Yang Haili, Xia Hao, Liu Sai, Chen Shan, Li Lan, Liao Xilong, Fei Lei, Xie Liangliang, Tian Jianping, Hu Xinjun
School of Mechanical Engineering, Sichuan University of Science and Engineering, Yibin, 644000, China.
Anhui Province Key Laboratory of Intelligent Solid-State Fermentation Technology, Bozhou, 236800, China.
Bioprocess Biosyst Eng. 2025 Jun 14. doi: 10.1007/s00449-025-03187-5.
Daqu is a traditional Chinese brewing ingredient that serves dual functions of saccharification and fermentation during the brewing process. The acidity content during the Daqu fermentation process directly affects the quality of the Daqu. Traditional methods for measuring Daqu acidity are complex and exhibit lag, making it difficult to monitor fermentation acidity in real time. Given the strong correlation between Daqu acidity and environmental variables, this paper proposes a time series prediction model for Daqu acidity based on the KNN-Attention-LSTM-XGBoost model. Upon collecting and analyzing the microenvironmental parameters of Daqu, the XGBoost model was used to select two optimal imputation methods (LFBI and KNN). Partial Least Squares Regression (PLSR) was employed to extract key parameters, and feature extraction using the lag and rolling window methods was performed to capture temporal trends and fluctuations. Comparative analysis revealed that KNN preprocessing combined with the Attention-LSTM-XGBoost model performed best in predicting Daqu acidity, with R values reaching 0.9790, 0.9768, and 0.9636 for the upper, middle, and lower Daqu layers, respectively. This combination outperformed the LSTM-XGBoost and XGBoost models, with improvements of 3.87%, 1.11%, and 2.84% compared to LSTM-XGBoost, and 4.70%, 4.37%, and 8.46% compared to XGBoost. This study addresses the challenge of predicting Daqu acidity during fermentation and provides insights into the optimization of the Daqu fermentation process.

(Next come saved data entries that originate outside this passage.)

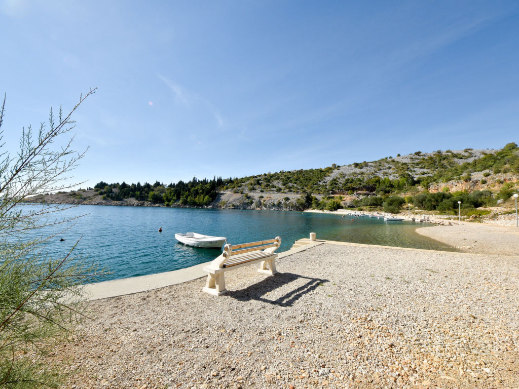 Ribarica 5 km von Karlobag: Mehrfamilienhaus "Beba". 80 m vom Meer, 80 m vom Strand, an einer Hauptstrasse. Zur Mitbenutzung: Grundstück 300 m2 (eingezäunt). Grill. Im Hause: Internetzugang. Parkplatz beim Haus auf dem Grundstück. Einkaufsgeschäft, Restaurant 250 m, Kieselstrand 80 m.
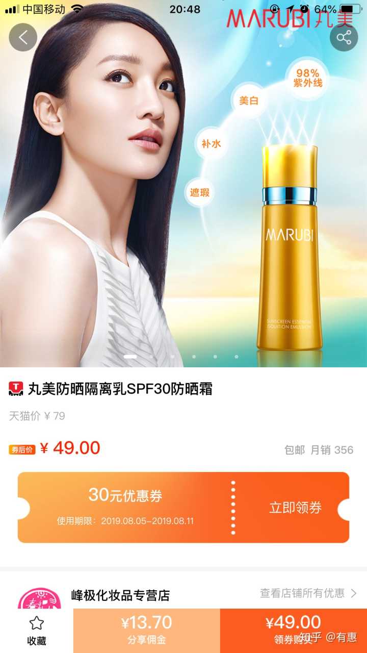 妈蛋,一个个广告软文截图搞得飞起、我只发一个图,佣金全部秒杀他们,淘宝标题:丸美防晒隔离乳SPF30防晒霜面部隔离遮瑕防水防紫外线专柜正品,不服气的来对比,这才是最省钱的淘客软件。专业。
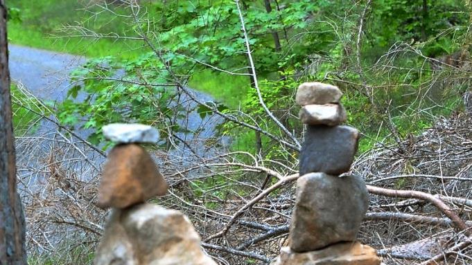 Mal sind es einige wenige Steine, dann wieder ein Mix aus vielen Steinen und Holz, aber immer ziehen sie die Blicke auf sich - Steingebilde, die seit einiger Zeit immer häufiger im Landkreis auftauchen. Am Lauterberg, nahe dem Naturlehrpfad, vor allem aber im Waldstück Lahm zwischen Rohrbach und Neu-Neershof erinnern sie an die Steinmännchen, die aus den Alpen bekannt sind.
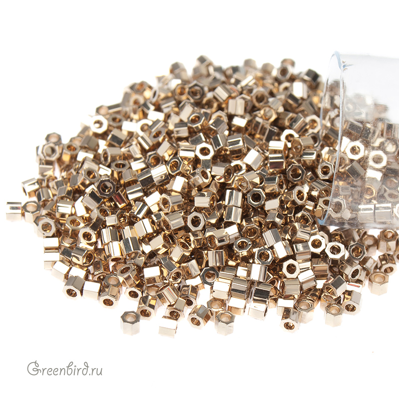 Японский бисер Delica Hexagon Cut (шестиугольный), размер 11/0. Цвет: #0034 (золото 24К снаружи). Цена указана за 1 упаковку (примерно 4,5 г).
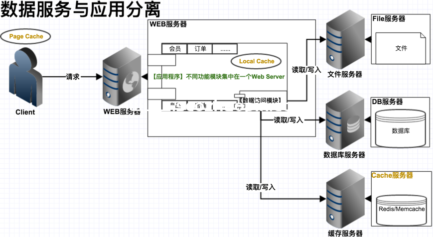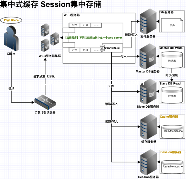 5.如果訪問量持續增加,大量數據被頻繁讀取,相對較少被寫入,這部分數據可以分離出來緩存到專門的服務器,比如Memcache和Redis緩存服務器,可以大大減輕數據庫讀寫的壓力。這是一種非常有效的解壓方法;
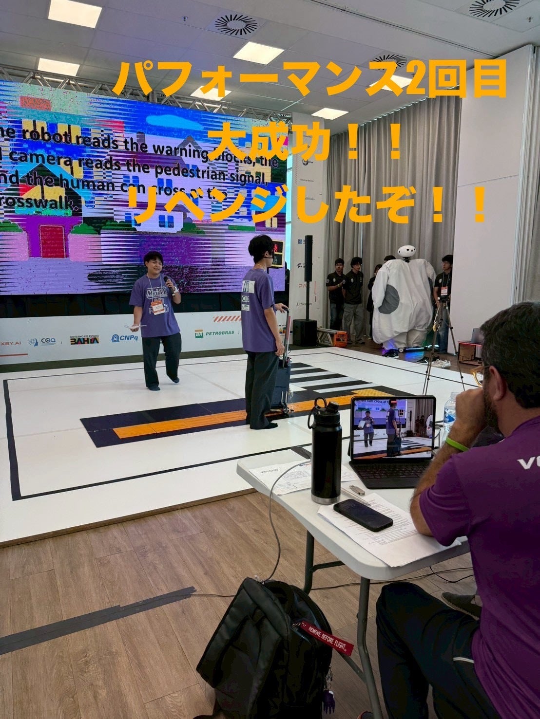 パフォーマンス2回目は成功しました!!応援ありがとうございました!!この後、スーパーチームという競技の準備です!今年は、メキシコとUAEとチームを組んで、新しいパフォーマンスをつくります。今年のテーマは『スポーツ』です。言葉の壁や文化を乗り越えて、交流しながら、どんなパフォーマンスができるかお楽しみにしてください!また、ライブ配信も準備します!(スーパーチームとは、世界大会当日に発表される他国とのグループで、自分たちのもってきたロボットを利用(再構築)して、発表されるテーマのパフォーマンスを行う競技です。)
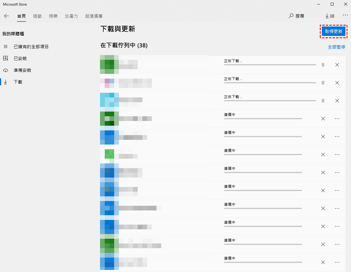 步驟3. 點選「下載和更新」選項卡中的「取得更新」按鈕,然後耐心等待,直到安裝每個待處理的更新。
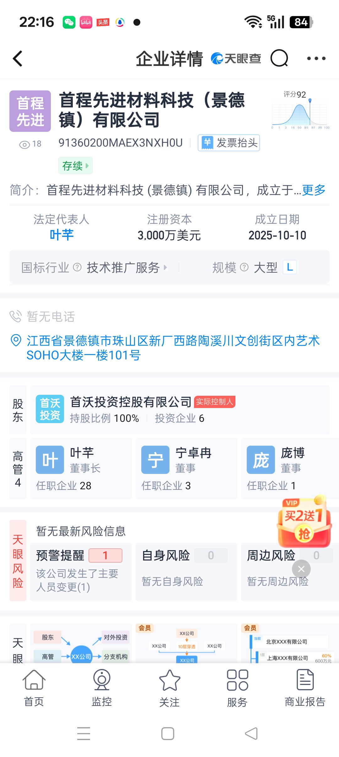 而公司在半年报公告的将成立首程机器人先进材料科技(景德镇)有限公司已经落地,通过天眼查得知公司已经于2025年1010日正式成立,注册资金高达3000万美元,折算成人民币高达2.15亿人民币 如果说以前投资众多的机器人公司占比都不多,每个公司比例不超过5%,那么这次不得了啦!公司100%控股,这下那些多嘴多舌的人应该没有意见了吧!
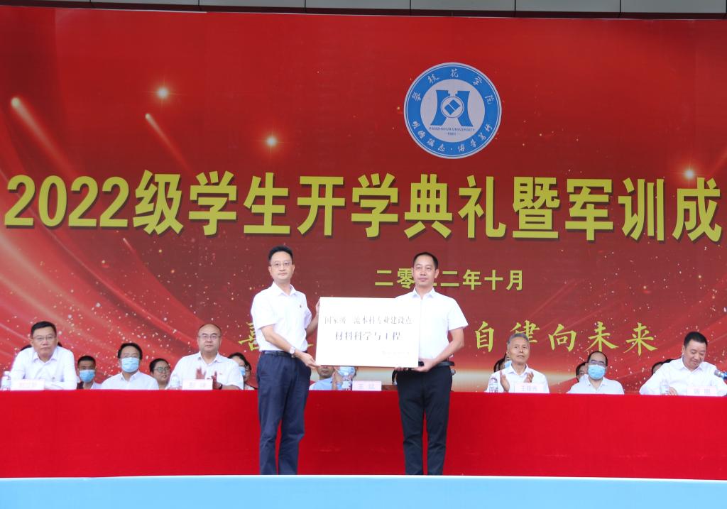 会上,王斌为钒钛学院获批“国家级一流本科专业”授牌。
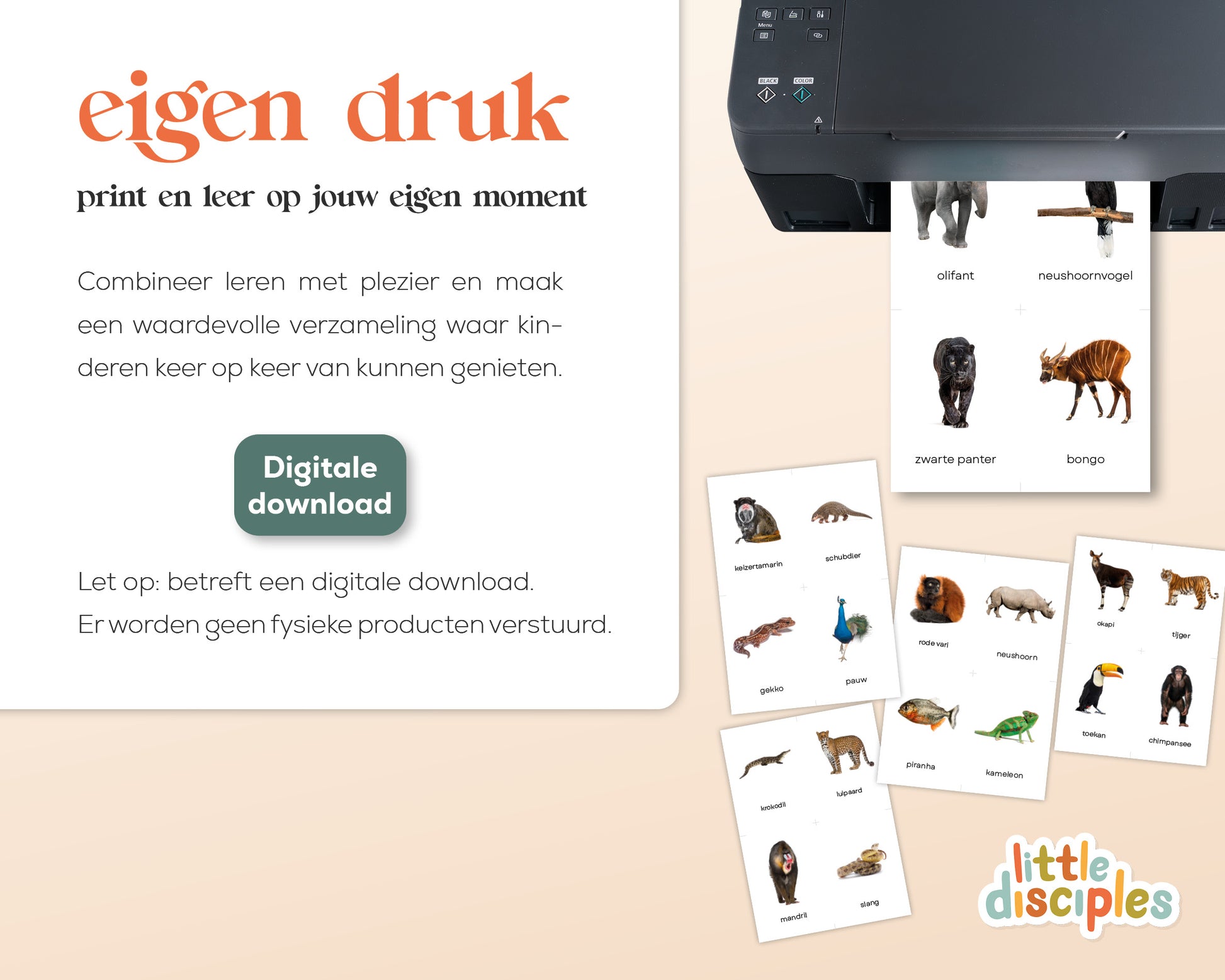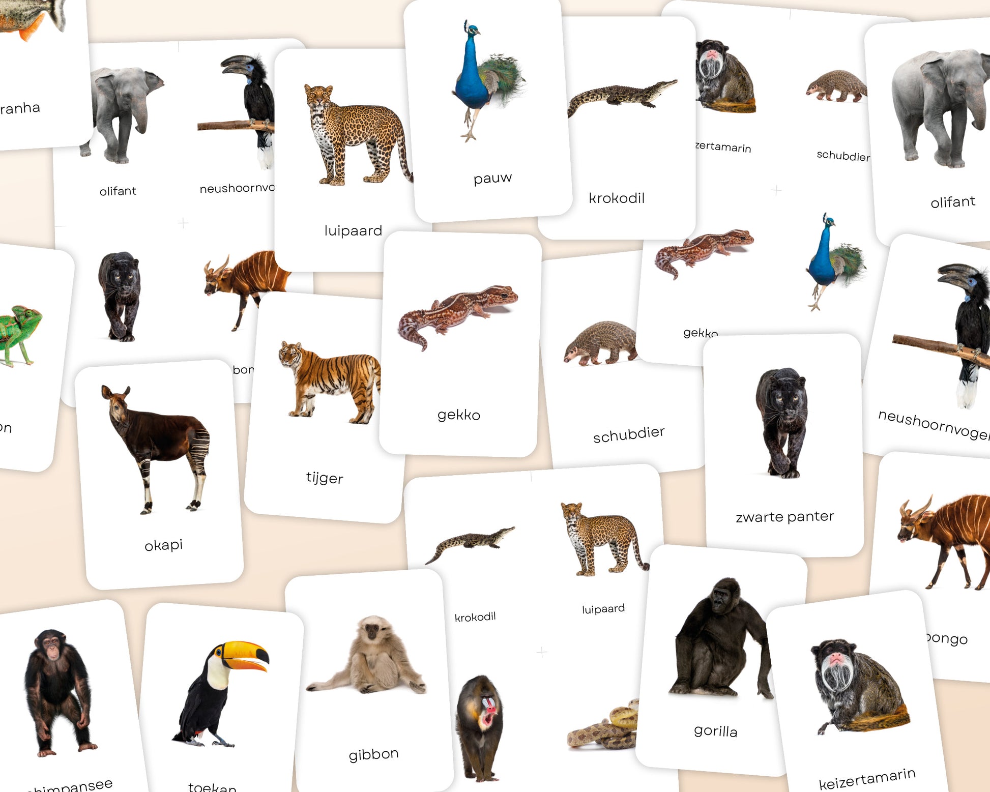 Deze Montessori-geïnspireerde set met realistische jungledierfoto's is speciaal ontworpen voor kinderen tot 6 jaar, die nog moeite hebben met het onderscheiden van realiteit en fantasie. Door echte foto's te gebruiken in plaats van tekeningen, krijgen kinderen een duidelijk beeld van hoe jungledieren er in het echt uitzien. Dit stimuleert hun natuurlijke nieuwsgierigheid en helpt hen de jungle en zijn dieren beter te begrijpen, volledig in lijn met de Montessori-methode.
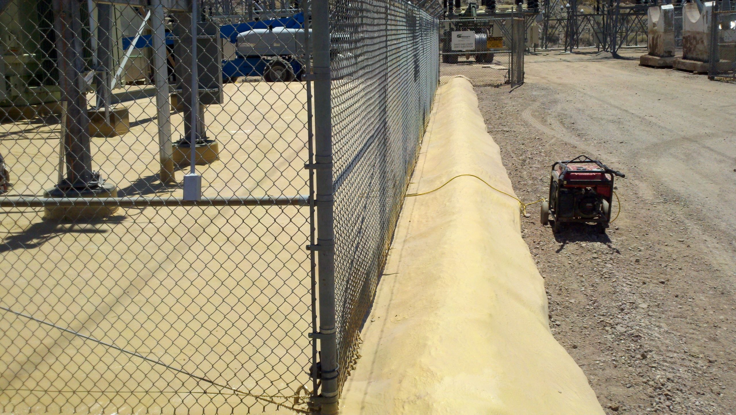 Application: freedomtuff™ 2202 polyurea was chosen as the membrane since its phyisical properties provide flexibility across varying temperature ranges seen the in desert. The membrane would have to be installed over loose soil so an 8 oz geo fabric was used as a substraight. Then freedomtuff™ 2202 polyurea was applied at 100 mils . Per freedoms recommendations, ¼” keyway terminations were used in areas over concrete. Consideration was given to the rapid and extreme temperature swings. Therefore, appropriate slack was left to accommodate for expansion and contraction of the coating system.
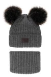 Czapka i komin dla chłopca zimowy komplet, szary, z dwoma pomponami Tokio
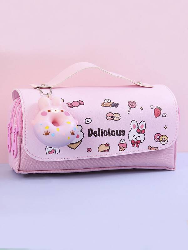 1pc Cartoon & Letter Graphic Pencil Bag
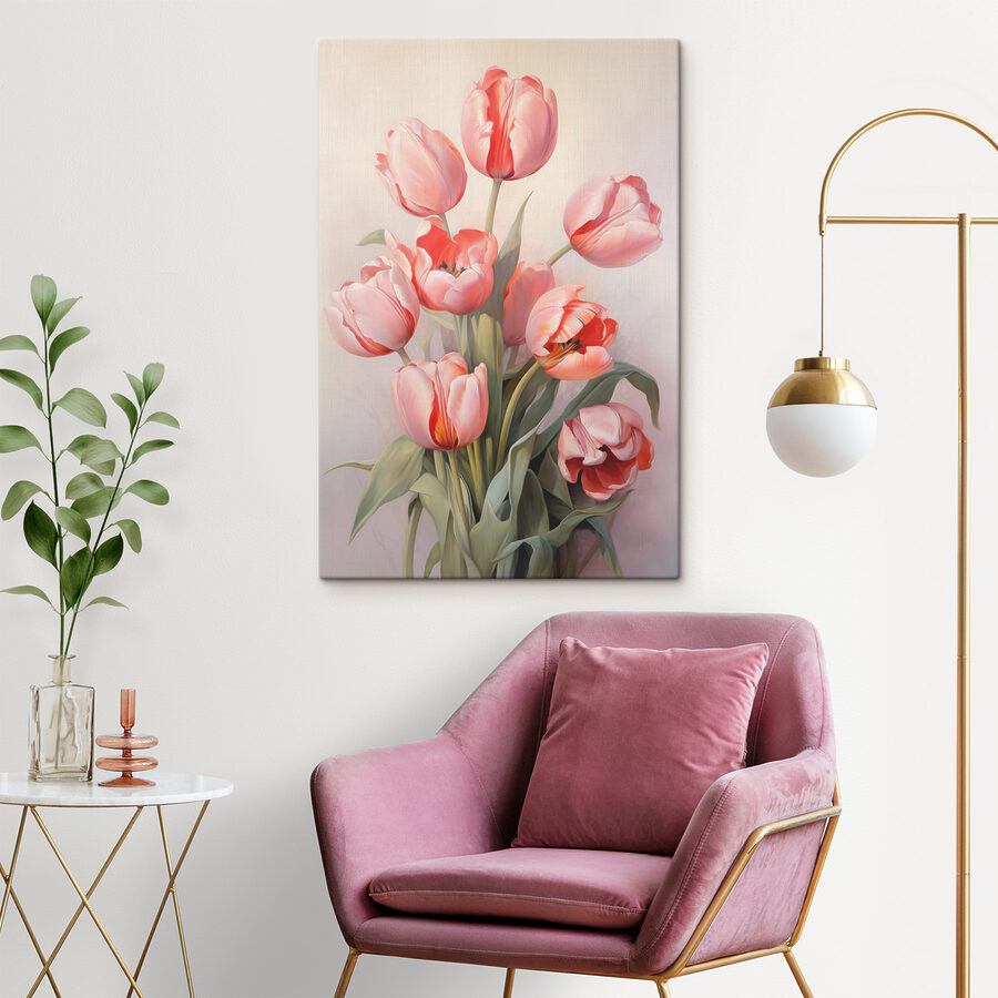Cette impression sur toile de tulipes ne fait-elle pas rêver ? Imaginez-la suspendue dans votre espace – lumineuse, joyeuse et tellement invitante ! Ces tulipes rose tendre et corail débordent de vie et se balancent paresseusement sous l’effet d’une brise légère. C’est comme si vous aviez votre propre coin de jardin printanier sur votre mur tout au long de l’année.
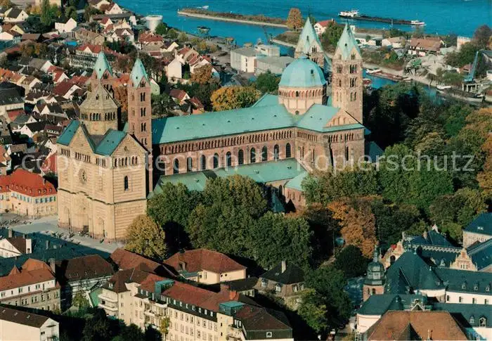 AK / Ansichtskarte Speyer_Rhein Kaiserdom Kathedralkirche Basilika Fliegeraufnahme Speyer Rhein
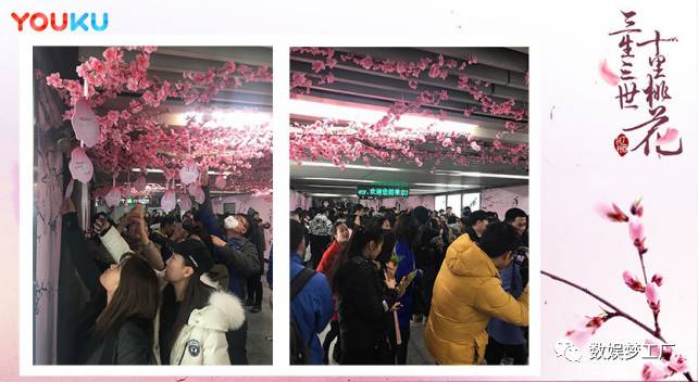 2017年2月14日,情人节,北京地铁西单站忽然在一夜之间“长”出了十里桃林。“十里桃花”灼灼其华,电视剧中夜华答应为素素打造的桃林承诺还没兑现,把粉丝当情人的优酷已抢先一步。

大曲是中国传统酿造原料,在酿造过程中具有糖化和发酵双重功能。大曲发酵过程中的酸度直接影响大曲的品质。传统的大曲酸度测量方法复杂且具有滞后性,难以实时监测发酵酸度。鉴于大曲酸度与环境变量之间的强相关性,本文提出了一种基于KNN-Attention-LSTM-XGBoost模型的大曲酸度时间序列预测模型。在收集和分析大曲微环境参数后,使用XGBoost模型选择了两种最优插补方法(LFBI和KNN)。采用偏最小二乘回归(PLSR)提取关键参数,并使用滞后和滚动窗口方法进行特征提取,以捕捉时间趋势和波动。对比分析表明,KNN预处理结合Attention-LSTM-XGBoost模型在预测大曲酸度方面表现最佳,大曲上层、中层和下层的R值分别达到0.9790、0.9768和0.9636。该组合优于LSTM-XGBoost和XGBoost模型,与LSTM-XGBoost相比分别提高了3.87%、1.11%和2.84%,与XGBoost相比分别提高了4.70%、4.37%和8.46%。本研究解决了发酵过程中大曲酸度预测的挑战,并为大曲发酵过程的优化提供了见解。